◆ WHAT IS REQUIRED
For every record that follows, transcribe the text exactly and leave any image out.

◆ DATA TO EXAMINE
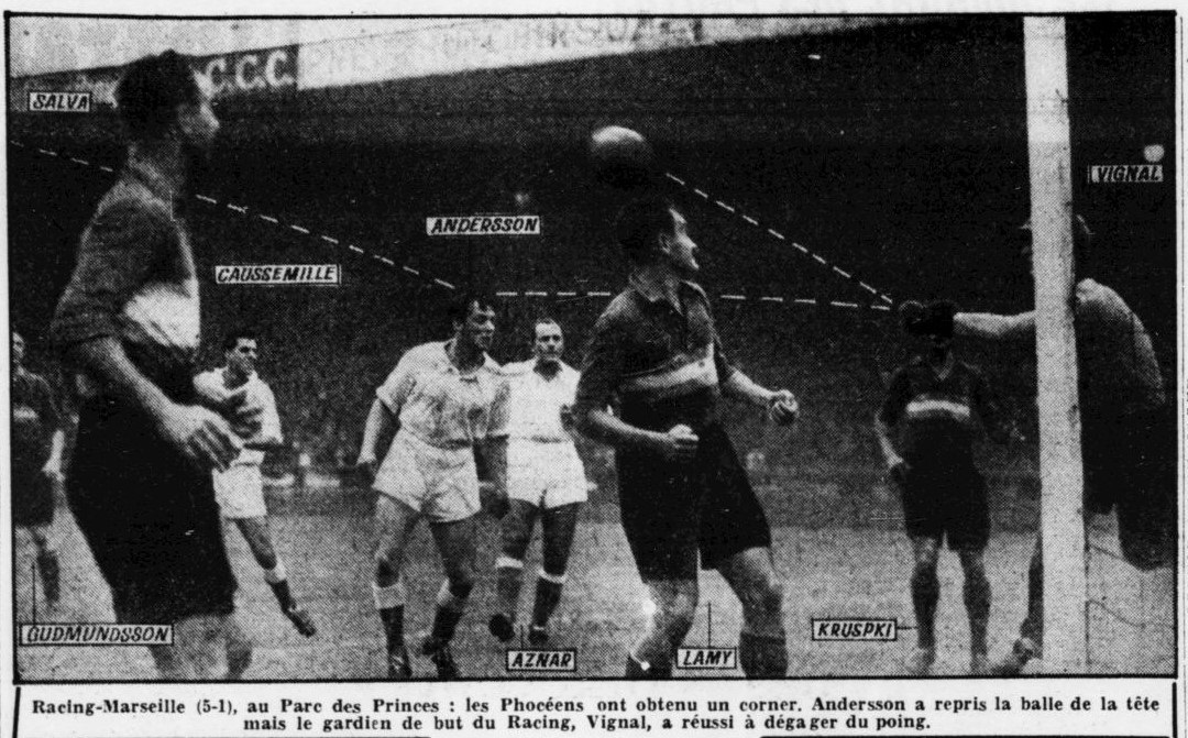 Au Racing, ou Salva déçu (Dard le battit souvent) et où Vignal ne peut guère être jugé, Lamy fit un match extraordinaire. Après lui, le jeune Ballot, Arangelovic, Gudmundsson et Foix (qui marqua 3 buts) furent les plus en évidence. Mahjoub qui termina blessé, manque de punch pour faire un avant-centre. À l'O.M., les jeunes, trop jeunes éléments, en fait tout leur devoir. Il est difficile de faire des reproches à Morand, mais qui eut fait mieux ? Il eut pu arrêter un but, peut-être deux en comptant celui de Scotti, mais il en para bien d'autres. Gransart eut aussi des fautes de jeunesse, mais il lutta avec un coeur admirable et le jeune espoir Foix n'eut pas souvent l'avantage. Rossi, par contre, fut moins bon et Caussemille, à l'extrême gauche, vraiment malheureux. Et pourtant, il semble avoir de l'étoffe mais il jouait en compagnie si relevée. Les sept titulaires firent tout leur devoir et luttèrent avec un courage et une technique digne d'un meilleur sort. Gabet, le prestigieux Gabet, ne fit jamais la loi devant un Salem remarquable en tout point, et Johansson ne lui fut nullement inférieure, Scotti, hors de reproche de ne pas se replier assez, mérita au moins la comparaison avec Arnaudeau. Ils eurent le mérite, malgré un labeur défensif écrasant, de soutenir l'attaque, voire d'y participer. |
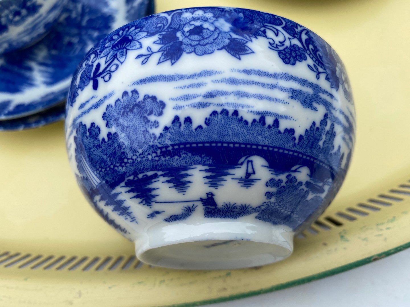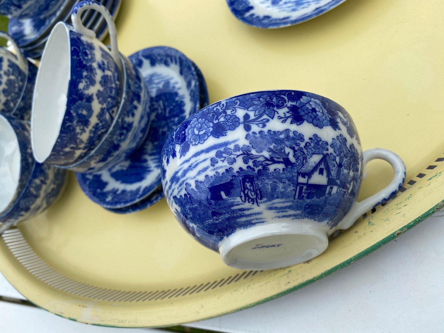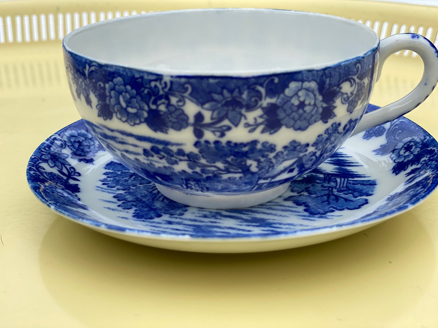 Smukke vintage tekopper og underkopper med blå-hvidt transfer-mønster af huse, hav med både og menesker, der fisker, vogne, en bro, træer og blomster.
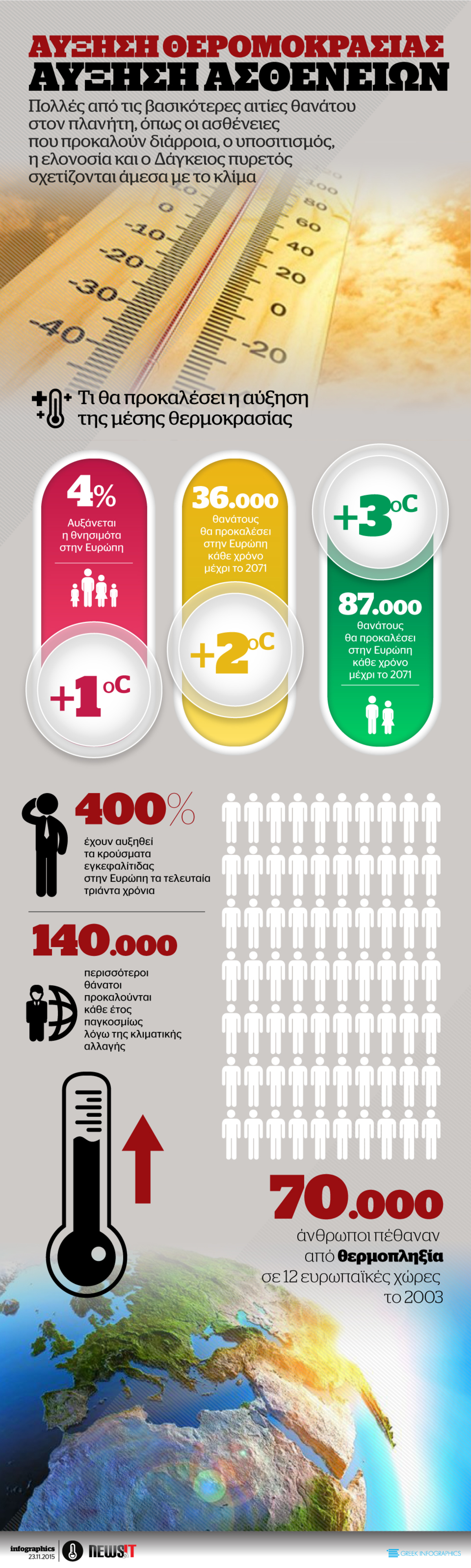 Και αν νομίζετε ότι απαιτείται κάποια μεγάλη αύξηση στην θερμοκρασία για να μας πλήξουν περισσότερες και πιο σοβαρές ασθένειες, κάνετε λάθος. Αρκούν μόλις 1-3 βαθμοί Κελσίου μεγαλύτερη μέση θερμοκρασία, για να έχουμε εκατοντάδες χιλιάδες περισσότερους θανάτους σε όλο τον κόσμο.
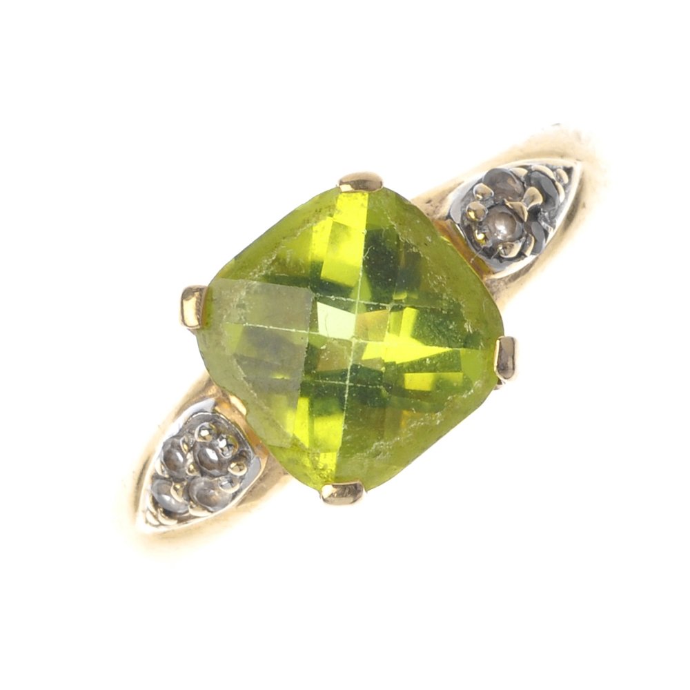 14K Yellow Gold 10.07ct Peridot and 1.69ct Diamond Ring
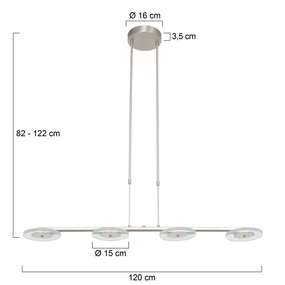 Durch einfaches Lösen der beiden Schrauben am Seil lässt sich die Leuchte stufenlos zwischen 82 cm und 122 cm in der Höhe verstellen. Die Steinhauer Soleil 3216 LED-Pendelleuchte verfügt über einen praktischen Tastdimmer, mit dem das Licht stufenlos gedimmt werden kann. Eine Dimm-to-Warm-Funktion erlaubt die Anpassung der Lichtfarbe im Bereich von 2.200 bis 3.000 Kelvin. So können Sie die Lichtfarbe an die jeweilige Stimmung und Tageszeit anpassen.
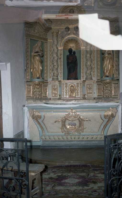 Description : Retable à panneaux central entouré de deux pans coupés. Le panneau central comporte une niche arrondie entourée de deux colonnes torses montées sur un entablement à panneaux sculptés dans le quel est encastré le tabernacle et supportant une corniche à entablement, elle-même surmontée d'un demi-cercle mouluré. Les deux pans coupés sont formés de panneaux rectangulaires dont la base repose sur de petits panneaux sculptés, le tout surmonté d'une corniche en fronton triangulaire. Dans la niche centrale, statue de la Vierge à l'Enfant en majesté. Devant le pan coupé de gauche, statue de Saint Anne, devant celui de droite, statue de Saint Joseph. Sur la porte du tabernacle, bas-relief représentant le Bon Pasteur, entouré de deux statuettes d'évangélistes. Autel tombeau.
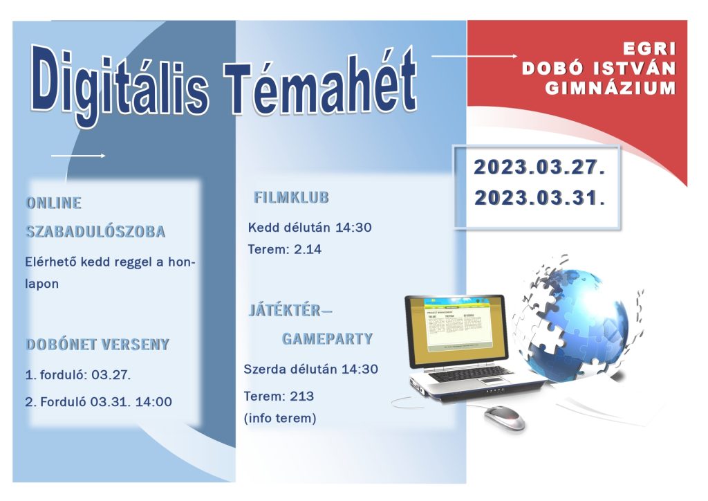 2023. március 27-től március 31-ig keressétek a Digitális Témahét idei programjait. Többek között online szabadulószobával, filmklubbal, játéktér – gameparty-val, és DobóNet Versennyel várunk Benneteket!
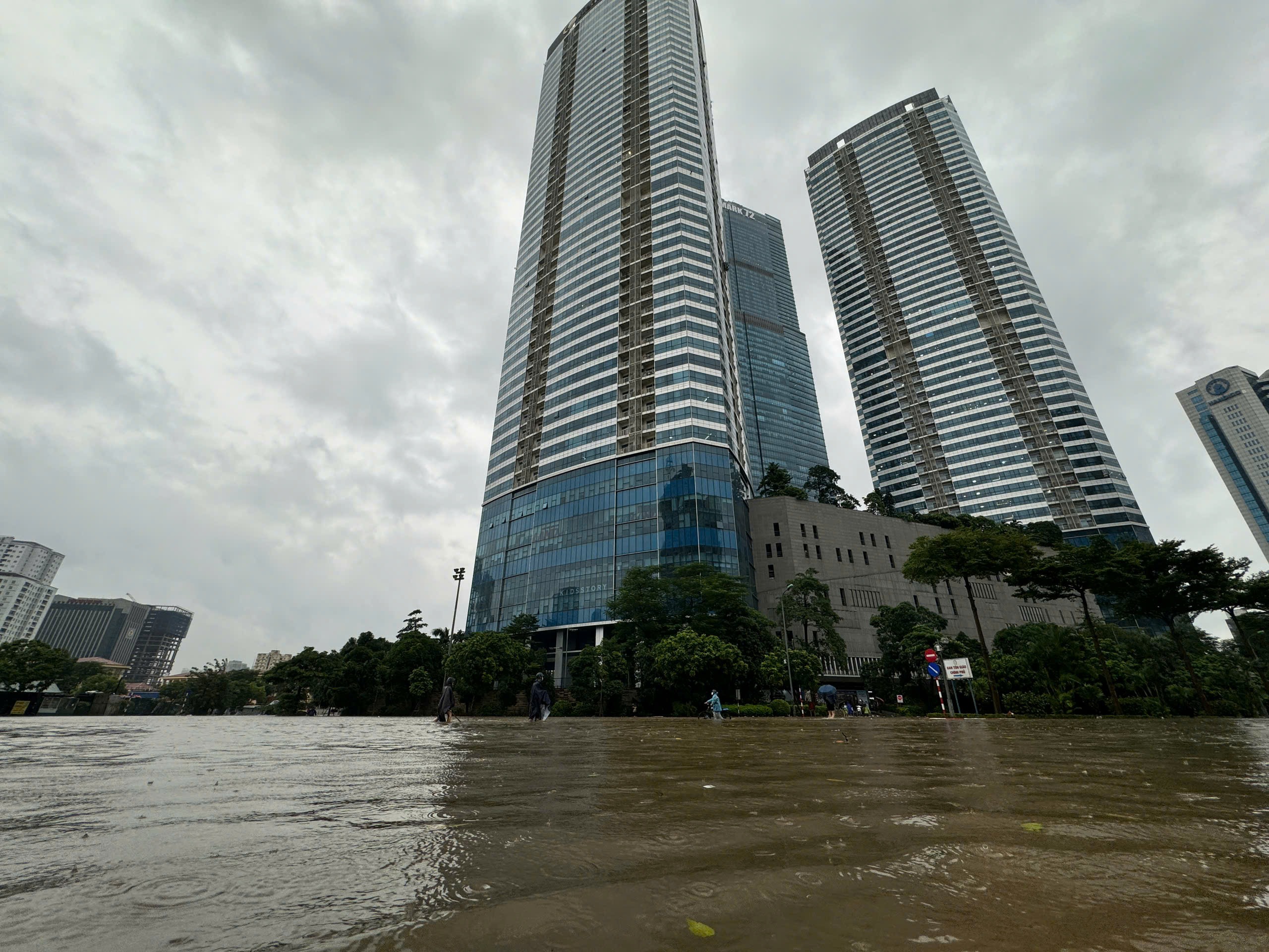Jalan Nguyen Co Thach (Tu Liem, Hanoi) terendam banjir besar.
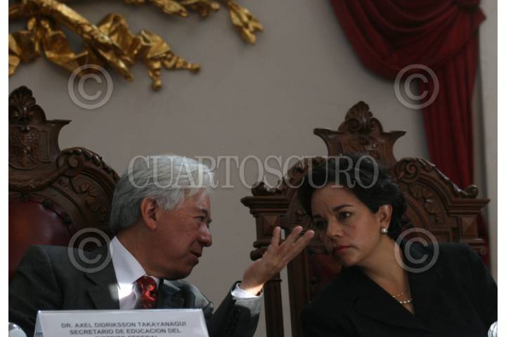 MÉXICO,D,F.,12NOVIEMBRE2007.-Lidia Ortega coordinadora del consejo académico del bachillerato de la UNAM, Alex Dridicksson Secretario de educación del distrito federal, durante la inauguración de "Foro Interinstitucional Metropolitano de Educación Media Superior" FOTO: SASHENKA GUTIERREZ/CUARTOSCURO.COM
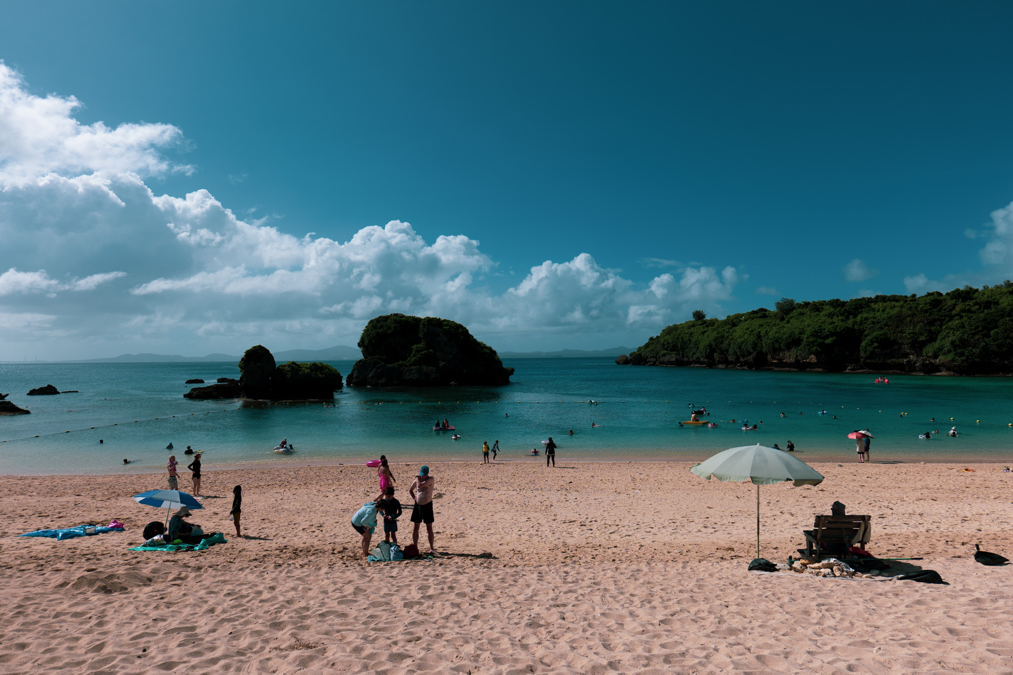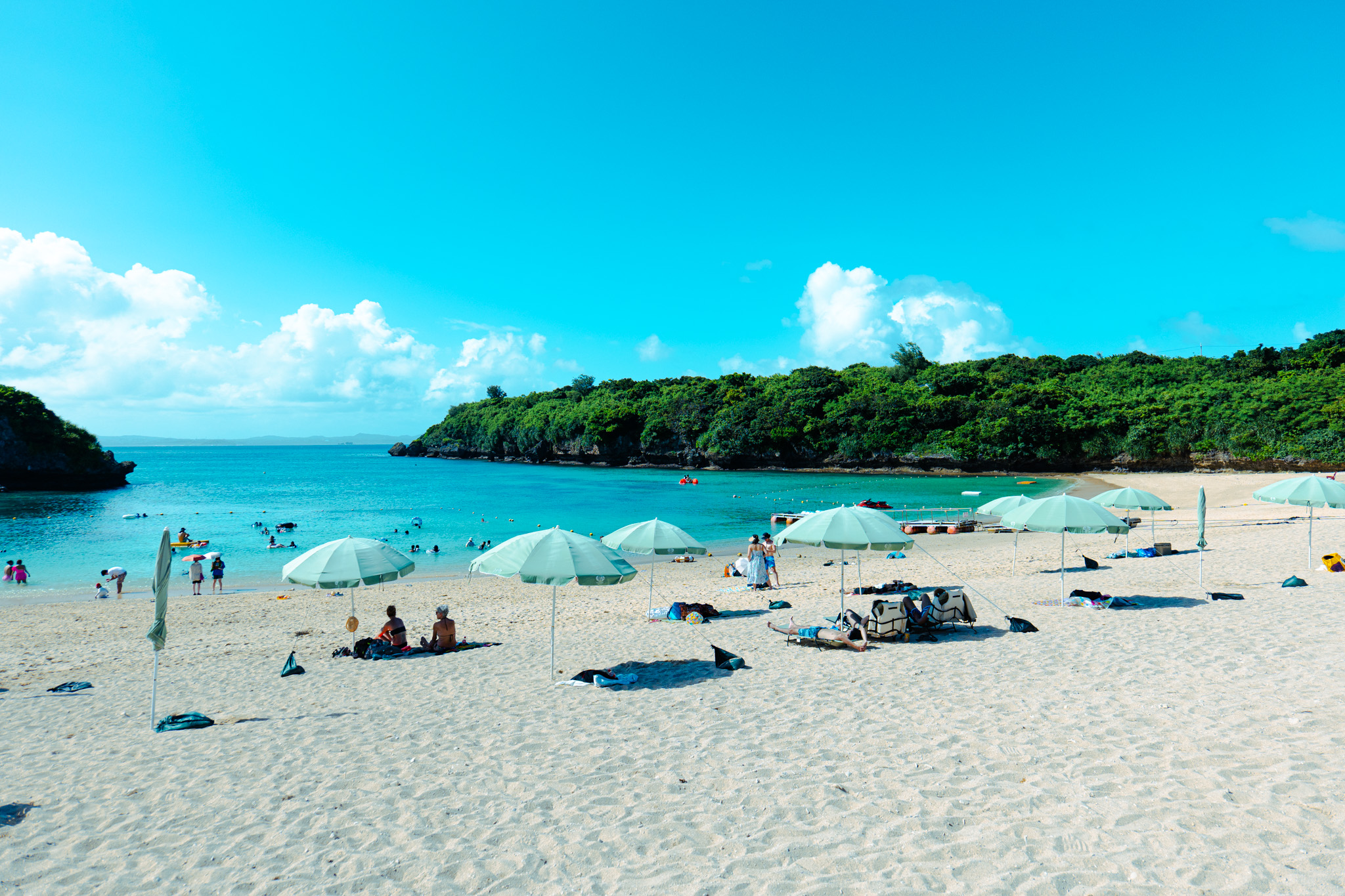이케이 비치는 오키나와에서도 손꼽히는 투명한 바다와 곱디고운 백사장이 매력적입니다. 게다가 조용하기까지 합니다. 날씨와 시간대에 따라 바다색이 청록에서 에메랄드로, 다시 짙은 블루로 변합니다. 파도가 잔잔해 수영과 스노클링을 즐기기에 적합합니다.

◆ EXERCISE SOLUTION
 Au Racing, ou Salva déçu (Dard le battit souvent) et où Vignal ne peut guère être jugé, Lamy fit un match extraordinaire. Après lui, le jeune Ballot, Arangelovic, Gudmundsson et Foix (qui marqua 3 buts) furent les plus en évidence. Mahjoub qui termina blessé, manque de punch pour faire un avant-centre. À l'O.M., les jeunes, trop jeunes éléments, en fait tout leur devoir. Il est difficile de faire des reproches à Morand, mais qui eut fait mieux ? Il eut pu arrêter un but, peut-être deux en comptant celui de Scotti, mais il en para bien d'autres. Gransart eut aussi des fautes de jeunesse, mais il lutta avec un coeur admirable et le jeune espoir Foix n'eut pas souvent l'avantage. Rossi, par contre, fut moins bon et Caussemille, à l'extrême gauche, vraiment malheureux. Et pourtant, il semble avoir de l'étoffe mais il jouait en compagnie si relevée. Les sept titulaires firent tout leur devoir et luttèrent avec un courage et une technique digne d'un meilleur sort. Gabet, le prestigieux Gabet, ne fit jamais la loi devant un Salem remarquable en tout point, et Johansson ne lui fut nullement inférieure, Scotti, hors de reproche de ne pas se replier assez, mérita au moins la comparaison avec Arnaudeau. Ils eurent le mérite, malgré un labeur défensif écrasant, de soutenir l'attaque, voire d'y participer. |
 Smukke vintage tekopper og underkopper med blå-hvidt transfer-mønster af huse, hav med både og menesker, der fisker, vogne, en bro, træer og blomster.
 Και αν νομίζετε ότι απαιτείται κάποια μεγάλη αύξηση στην θερμοκρασία για να μας πλήξουν περισσότερες και πιο σοβαρές ασθένειες, κάνετε λάθος. Αρκούν μόλις 1-3 βαθμοί Κελσίου μεγαλύτερη μέση θερμοκρασία, για να έχουμε εκατοντάδες χιλιάδες περισσότερους θανάτους σε όλο τον κόσμο.
 14K Yellow Gold 10.07ct Peridot and 1.69ct Diamond Ring
 Durch einfaches Lösen der beiden Schrauben am Seil lässt sich die Leuchte stufenlos zwischen 82 cm und 122 cm in der Höhe verstellen. Die Steinhauer Soleil 3216 LED-Pendelleuchte verfügt über einen praktischen Tastdimmer, mit dem das Licht stufenlos gedimmt werden kann. Eine Dimm-to-Warm-Funktion erlaubt die Anpassung der Lichtfarbe im Bereich von 2.200 bis 3.000 Kelvin. So können Sie die Lichtfarbe an die jeweilige Stimmung und Tageszeit anpassen.
 Description : Retable à panneaux central entouré de deux pans coupés. Le panneau central comporte une niche arrondie entourée de deux colonnes torses montées sur un entablement à panneaux sculptés dans le quel est encastré le tabernacle et supportant une corniche à entablement, elle-même surmontée d'un demi-cercle mouluré. Les deux pans coupés sont formés de panneaux rectangulaires dont la base repose sur de petits panneaux sculptés, le tout surmonté d'une corniche en fronton triangulaire. Dans la niche centrale, statue de la Vierge à l'Enfant en majesté. Devant le pan coupé de gauche, statue de Saint Anne, devant celui de droite, statue de Saint Joseph. Sur la porte du tabernacle, bas-relief représentant le Bon Pasteur, entouré de deux statuettes d'évangélistes. Autel tombeau.
 2023. március 27-től március 31-ig keressétek a Digitális Témahét idei programjait. Többek között online szabadulószobával, filmklubbal, játéktér – gameparty-val, és DobóNet Versennyel várunk Benneteket!
Jalan Nguyen Co Thach (Tu Liem, Hanoi) terendam banjir besar.
 MÉXICO,D,F.,12NOVIEMBRE2007.-Lidia Ortega coordinadora del consejo académico del bachillerato de la UNAM, Alex Dridicksson Secretario de educación del distrito federal, durante la inauguración de "Foro Interinstitucional Metropolitano de Educación Media Superior" FOTO: SASHENKA GUTIERREZ/CUARTOSCURO.COM
이케이 비치는 오키나와에서도 손꼽히는 투명한 바다와 곱디고운 백사장이 매력적입니다. 게다가 조용하기까지 합니다. 날씨와 시간대에 따라 바다색이 청록에서 에메랄드로, 다시 짙은 블루로 변합니다. 파도가 잔잔해 수영과 스노클링을 즐기기에 적합합니다.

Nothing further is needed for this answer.